* Exercise brief
Transcribe exactly the lines from the one containing "Chuanze luminous float" through the end of the data, both included. Leave out pictures.

* Given information
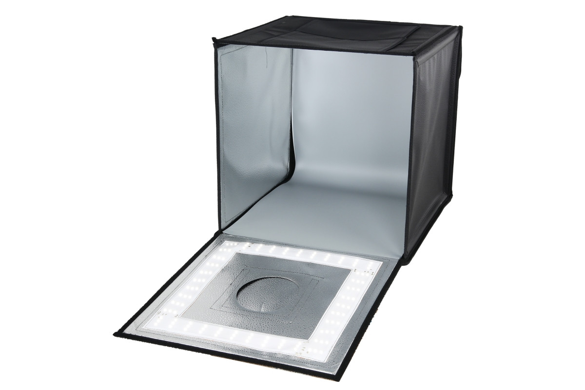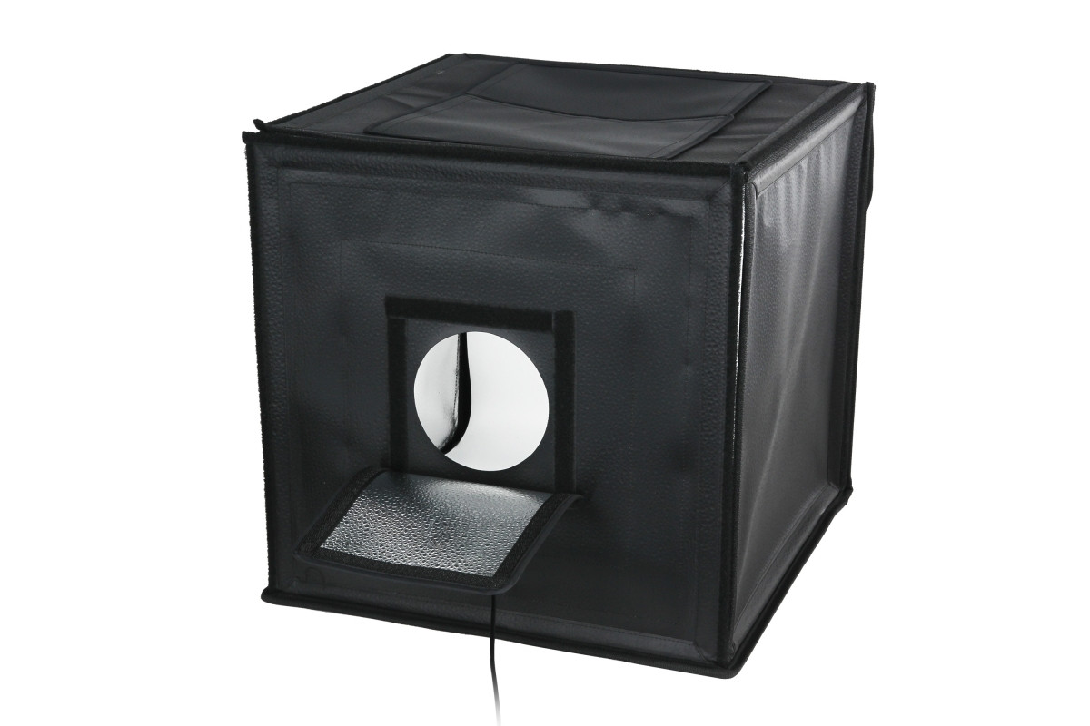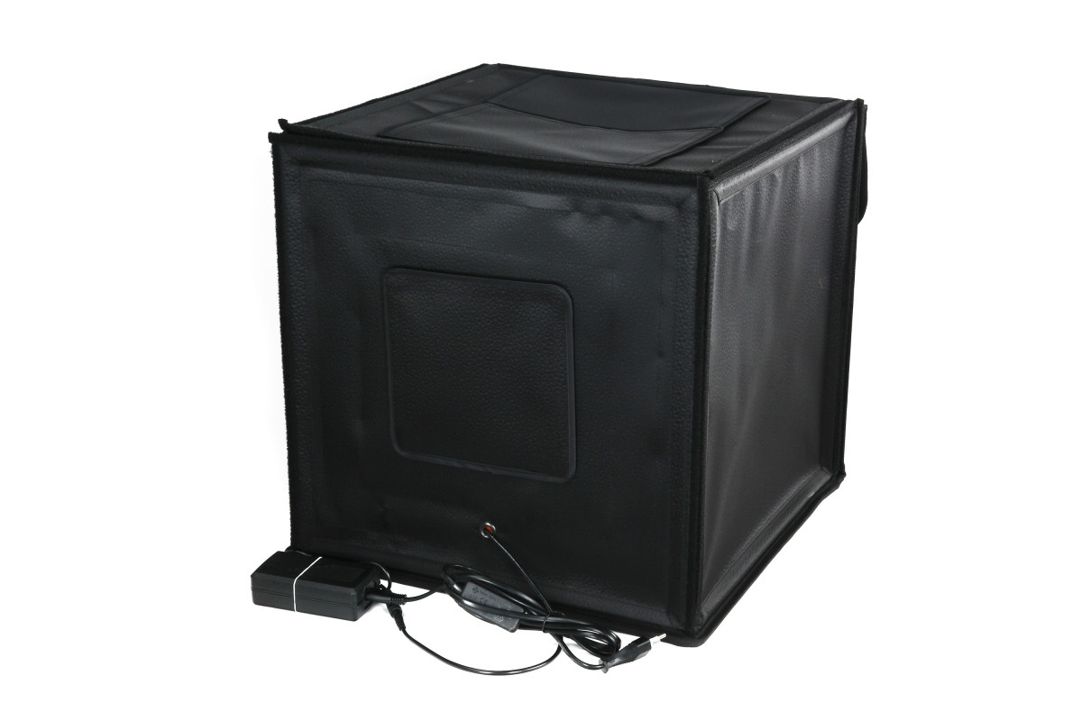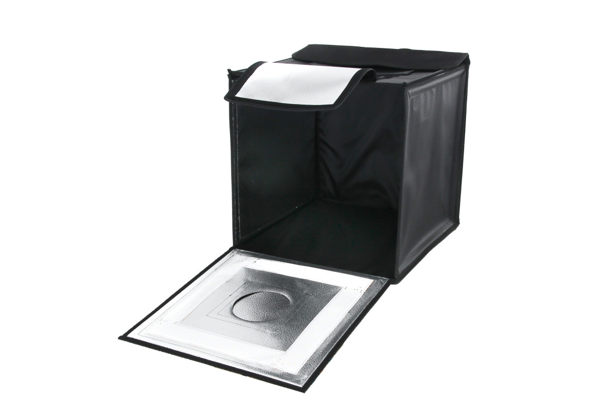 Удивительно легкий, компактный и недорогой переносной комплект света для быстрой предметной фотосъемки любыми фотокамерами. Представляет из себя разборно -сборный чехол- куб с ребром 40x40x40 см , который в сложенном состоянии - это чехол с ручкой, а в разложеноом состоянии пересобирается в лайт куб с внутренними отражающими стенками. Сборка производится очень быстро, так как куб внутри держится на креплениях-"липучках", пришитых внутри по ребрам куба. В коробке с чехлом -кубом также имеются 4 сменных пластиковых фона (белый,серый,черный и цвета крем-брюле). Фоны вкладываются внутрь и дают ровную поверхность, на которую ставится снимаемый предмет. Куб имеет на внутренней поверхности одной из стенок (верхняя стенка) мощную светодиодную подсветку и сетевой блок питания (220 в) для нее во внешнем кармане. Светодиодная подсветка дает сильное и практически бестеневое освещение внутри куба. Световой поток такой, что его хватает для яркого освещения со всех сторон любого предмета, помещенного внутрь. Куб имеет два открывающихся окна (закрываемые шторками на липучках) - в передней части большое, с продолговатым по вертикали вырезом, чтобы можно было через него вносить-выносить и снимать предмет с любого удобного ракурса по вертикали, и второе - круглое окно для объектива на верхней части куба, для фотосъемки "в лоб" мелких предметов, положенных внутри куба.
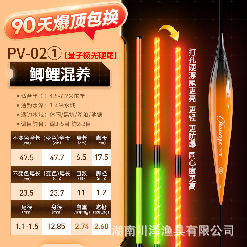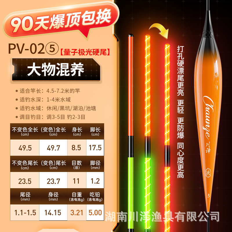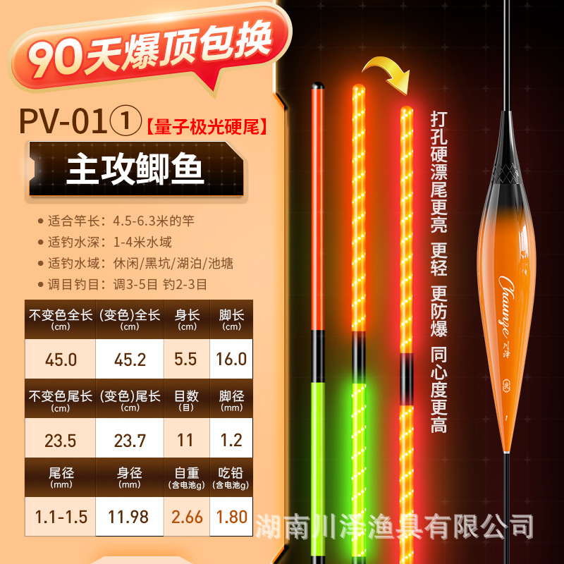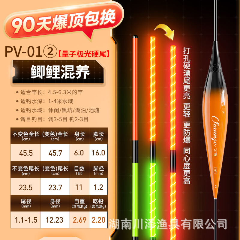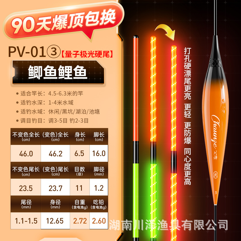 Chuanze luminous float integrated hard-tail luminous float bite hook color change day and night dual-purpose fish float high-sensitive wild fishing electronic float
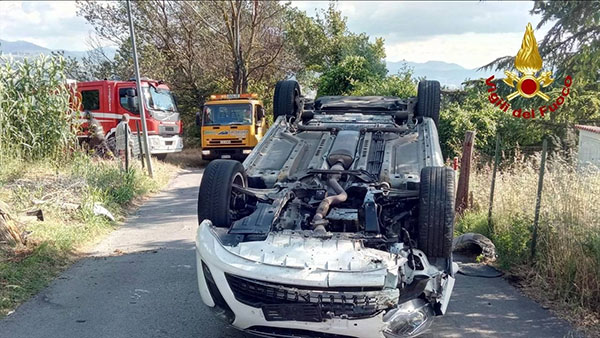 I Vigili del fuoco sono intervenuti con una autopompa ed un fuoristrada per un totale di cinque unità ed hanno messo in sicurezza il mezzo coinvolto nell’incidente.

* Your solution
 Chuanze luminous float integrated hard-tail luminous float bite hook color change day and night dual-purpose fish float high-sensitive wild fishing electronic float
 I Vigili del fuoco sono intervenuti con una autopompa ed un fuoristrada per un totale di cinque unità ed hanno messo in sicurezza il mezzo coinvolto nell’incidente.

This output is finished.